Each section has a first call that creates the cache and a second call that hits it. A show_usage() helper prints input / cache_creation / cache_read / output token counts so the reader can confirm the hit visually.

The script padding ensures each cache target exceeds the per-model floor (~1024 tokens) so the cache actually takes effect when run.

How to test

ANTHROPIC_API_KEY=... ./examples/prompt_caching.py

Expected: section [1] first-call shows non-zero cache_creation_input_tokens; second-call shows non-zero cache_read_input_tokens. Same shape for [2] and [3].
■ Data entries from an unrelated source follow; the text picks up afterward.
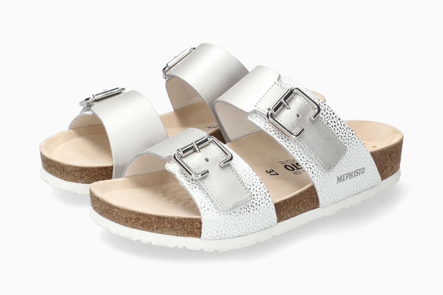 This feminine sandal, with its relaxed yet elegant look, is a summer essential. The unique SOFT-AIR technology integrated in the cork foot-bed guarantees an effortless walk. The AIR-RELAX technology respects the anatomy of the foot to prevent fallen arches. The adjustable adhesive straps, with decorative buckles, ensure perfect comfort and an exceptional fit.
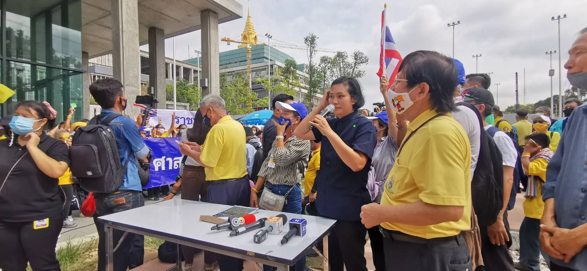 บรรยากาศก่อนหน้าการยื่นหนังสือ อุ๊ หฤทัยและนพ.วรงค์ได้ร่วมกันปราศรัยถึงเหตุผลที่ต้องคัดค้านการแก้ไขรัฐธรรมนูญ โดยเฉพาะในหมวดที่เกี่ยวกับสถาบัน
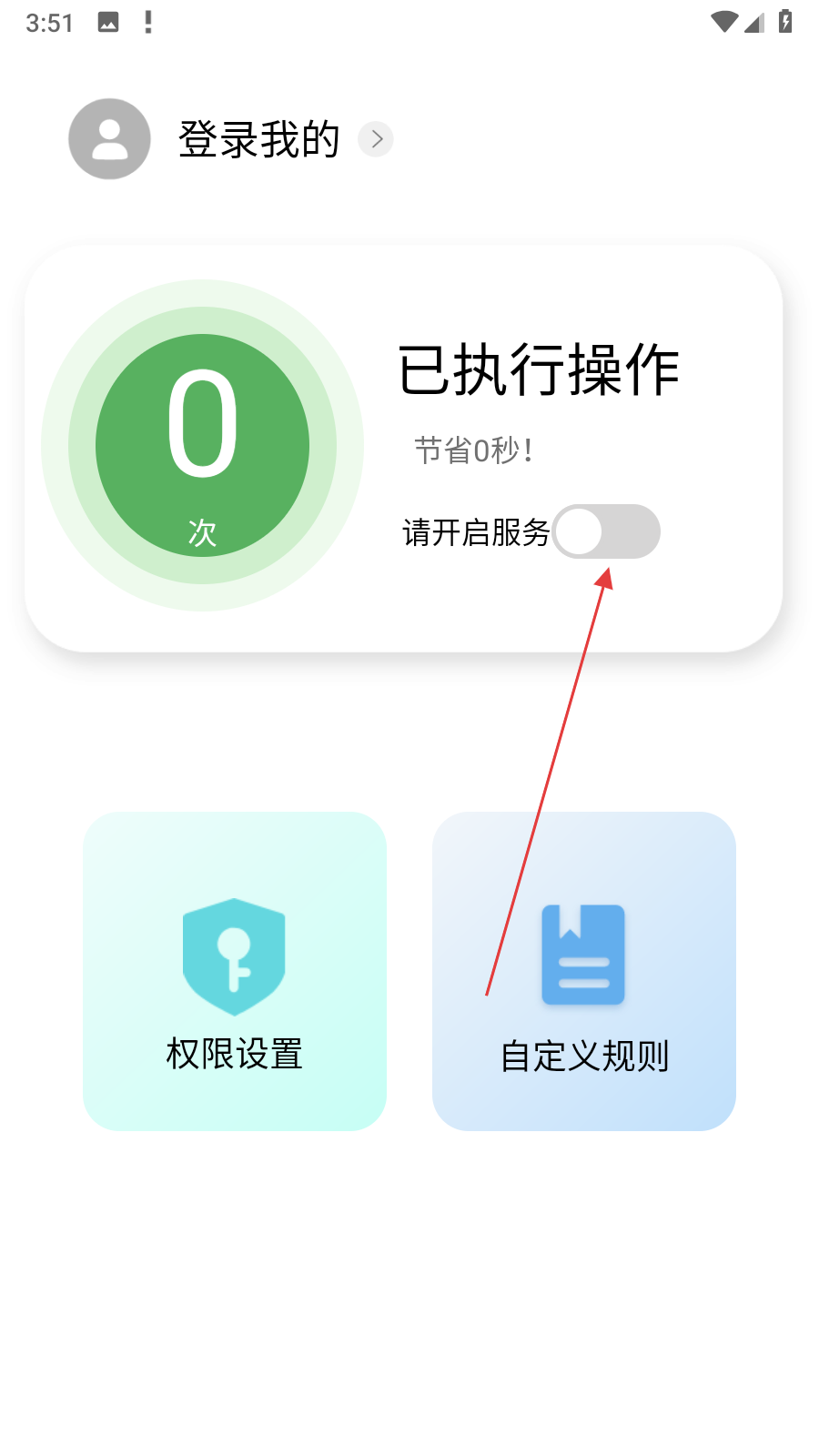 1、打開綠去廣告App,在主界面的已執(zhí)行操作板塊中,點(diǎn)擊請開啟服務(wù)右側(cè)的開關(guān)按鈕。
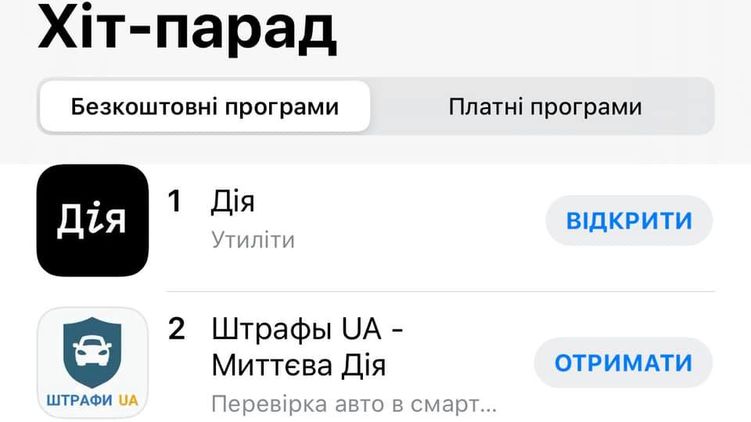 "Дія - первая в рейтинге украинского App Store в категориях Utilites и Топ-бесплатных + первая в рейтинге топ-бесплатных в Play Market. Вчера приложение продержалось на 6 позиции в украинском поиске App Store, в американском - на первой", - добавил Федоров.
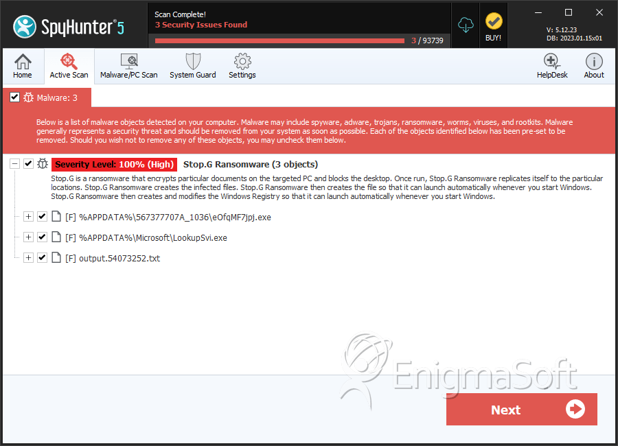 SpyHunter Detects & Remove Stop.G Ransomware
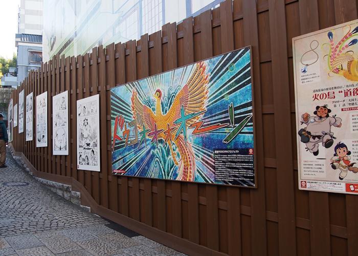 営業しながらの保存修理工事中の道後温泉本館。空の散歩道からも眺められるのがラッピングアートです。工事用の素屋根と呼ばれる覆いに、あの手塚治虫先生のライフワークといえる「火の鳥」が描かれているのです。
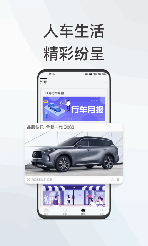 英菲智联APP是东风英菲尼迪汽车有限公司为旗下智能网联汽车推出的车主服务软件,提供前所未有的智能化科技服务和个性化出行体验,您可以随时掌握车辆状况,并享受优质的车载娱乐服务。(APP目前仅适用于英菲尼迪2022款QX60车型)
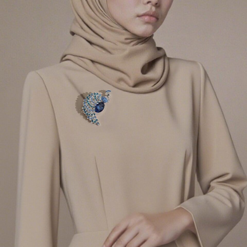 Regal Peacock Brooch – Alloy Blue Zircon, Royal Glamour for Elegant Women
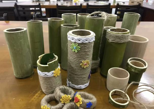 在活动过程中,每一个人都充分发挥自己的想象力和动手操作能力,有锯竹子的、有给竹子刨皮的、有打磨竹子的、有给竹筒装饰的……所有成员各展所能、分工合作。在所有人的努力下,将这些“平平无奇”的竹筒和麻绳等材料制作成别具匠心的手工作品。

Linted clean: ruff check examples/prompt_caching.py (passes) and ruff format --check examples/prompt_caching.py (no changes). Project line-length 120 respected.

Notes

  • Uses the sync API since it dominates examples/. An async twin (prompt_caching_async.py) is a natural follow-up if maintainers prefer the same coverage in both.
  • Model pinned to claude-sonnet-4-5-20250929 (the most-used model across examples/).
  • This wasn't run against a live API from the contributor environment; verification against cache_creation_input_tokens / cache_read_input_tokens is recommended before merge.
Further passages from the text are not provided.